FIRE, the Foundation for Individual Rights in Education, filed four lawsuits today against universities with restrictive speech codes on campus. The universities named in the suits are Ohio University, Chicago State University, Iowa State University, and Citrus College (Calif.).
“Unconstitutional campus speech codes have been a national scandal for decades. But today, 25 years after the first of the modern generation of speech codes was defeated in court, 58% of public campuses still hold onto shockingly illiberal codes,” said FIRE President Greg Lukianoff. “For 15 years, FIRE has fought for free speech on campus using public awareness as our main weapon, but more is needed.
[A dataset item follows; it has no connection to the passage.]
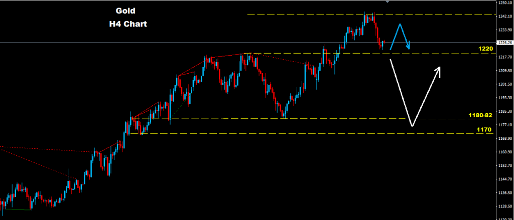 نجح الذهب بالحفاظ على مستويات الدعم 1220 فيما توجه لارتفاع تصحيحي نحو مناطق 1235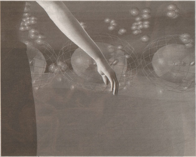 glimmende abstracte wereld. Ze wordt er omgeven door membranen en

Today, we announce the launch of the Stand Up For Speech Litigation Project, an expansive new campaign to eliminate speech codes nationwide. We have already coordinated two lawsuits in the past nine months, and this morning we brought four more. The lawsuits will continue until campuses understand that time is finally up for unconstitutional speech codes in academia.”
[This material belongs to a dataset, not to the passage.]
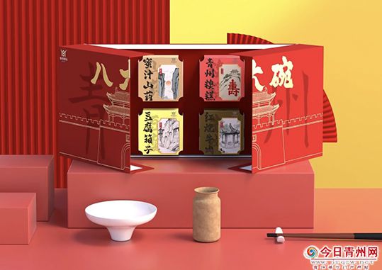 青州八景八大碗将古青州八景与“八大碗”这一传统饮食文化符号相结合,使饮食文化与地域文化相互交融,让消费者在品尝美食的同时,也能感受到青州的历史文化魅力。这一设计不仅具有独特的文化价值和视觉吸引力,还具有广泛的应用前景和经济价值。

The four schools each have a history of censoring student or faculty speech on campus. Citrus College, for example, has a "Free Speech Area" composed of 1.37 percent of its campus that is the only area on campus where free speech is actually permitted.
In 2013, FIRE filed a lawsuit against Modesto Junior College after a student was told he was not allowed to distribute copies of the U.S. Constitution on Constitution Day. The school settled for $50,000. A similar suit was filed against the University of Hawaii at Hilo, who also disciplined students for attempting to distribute the U.S. Constitution.
Free speech doesn't end the second one steps upon a college campus. Students deserve full free speech rights like any other citizen — good for FIRE for holding these schools accountable.